Days after D.C. Mayor Muriel Bowser issued emergency orders banning indoor contact sports and indoor dining, the Washington Teachers’ Union (WTU) and Chancellor Lewis Ferebee officially reached an agreement about the circumstances under which in-person learning will resume during the pandemic.

Though the memorandum of agreement (MOA) signed by Ferebee and WTU President Elizabeth Davis mandates safety walk-throughs, upgrades to HVAC systems and the completion of readiness checklist before reopening, a stipulation concerning in-person teaching assignments during Term 3 and 4 has raised eyebrows.

“While we have some teachers who are interested in returning, we hope that Chancellor Ferebee would first access [them] before demanding the whole force returns to Terms 3 and 4,” Davis told The Informer on Monday, in reference to point no. 36 in the MOA.

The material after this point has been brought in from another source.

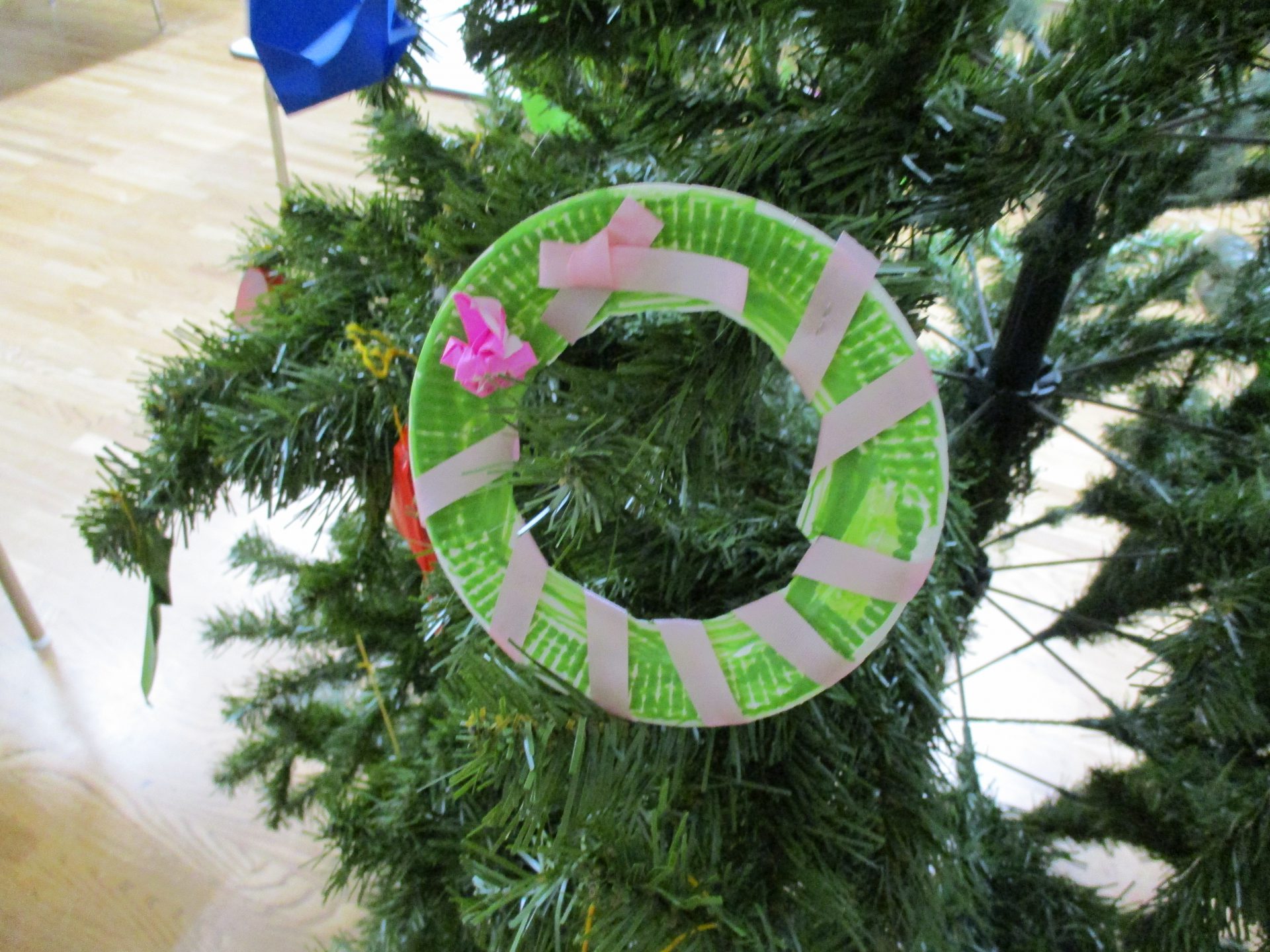 年長の子ども達に手伝ってもらい、ツリーを組み立てました。「できたね!でも、なにか足りない、、」「私の家にもツリー飾ってあるけど、サンタさんとかキラキラした飾りを飾ったよ!」と。「みんなで飾りを作ってクリスマスツリーを作ってみる?」と提案したところ、子ども達の目はキラキラ!「どんなのにしようかなぁ⁇」「お家にある飾りを真似してみようかな〜?」

As explained in the seven-page document, D.C. Public Schools (DCPS) can give in-person teaching assignments in cases when family demand exceeds teacher availability, to employees who opted out for Terms 3 and 4. The only exceptions would involve those who have already been approved for leave or workplace accommodations.

The same section of the MOA also reserves WTU leadership, starting Feb. 1, the right to revisit the terms of the agreement due to unforeseen circumstances that occur throughout the pandemic. Davis said that, given the rise in local and national COVID-19 cases, and rumblings about a post-holiday resurgence, DCPS leadership has much to consider.

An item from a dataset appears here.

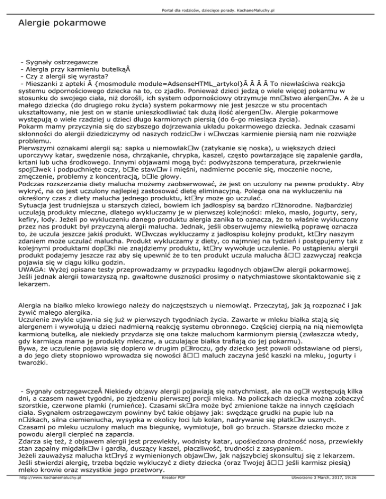 ukształtowany, nie jest on w stanie unieszkodliwiać tak dużą ilość alergenÃłw. Alergie pokarmowe

“Term 2 is going to end on Jan. 31,” she told The Informer. “I can’t imagine with the surge in cases that DCPS is going to push to open in February. This is the period that comes immediately after the winter break. Parents are going to be concerned about sending their kids for in-person learning.”

Over the weekend, District health officials recorded nearly 140 new COVID-19 cases, bringing the local positive case total to 26,740.

In early December, weeks after Bowser reneged on launching Term 2 phased in-person learning, data released by District health officials showed that universities, schools, and daycare facilities counted among a significant portion of the sites where COVID-19 outbreaks, defined as cases recorded in the same place within a two-week period, took place.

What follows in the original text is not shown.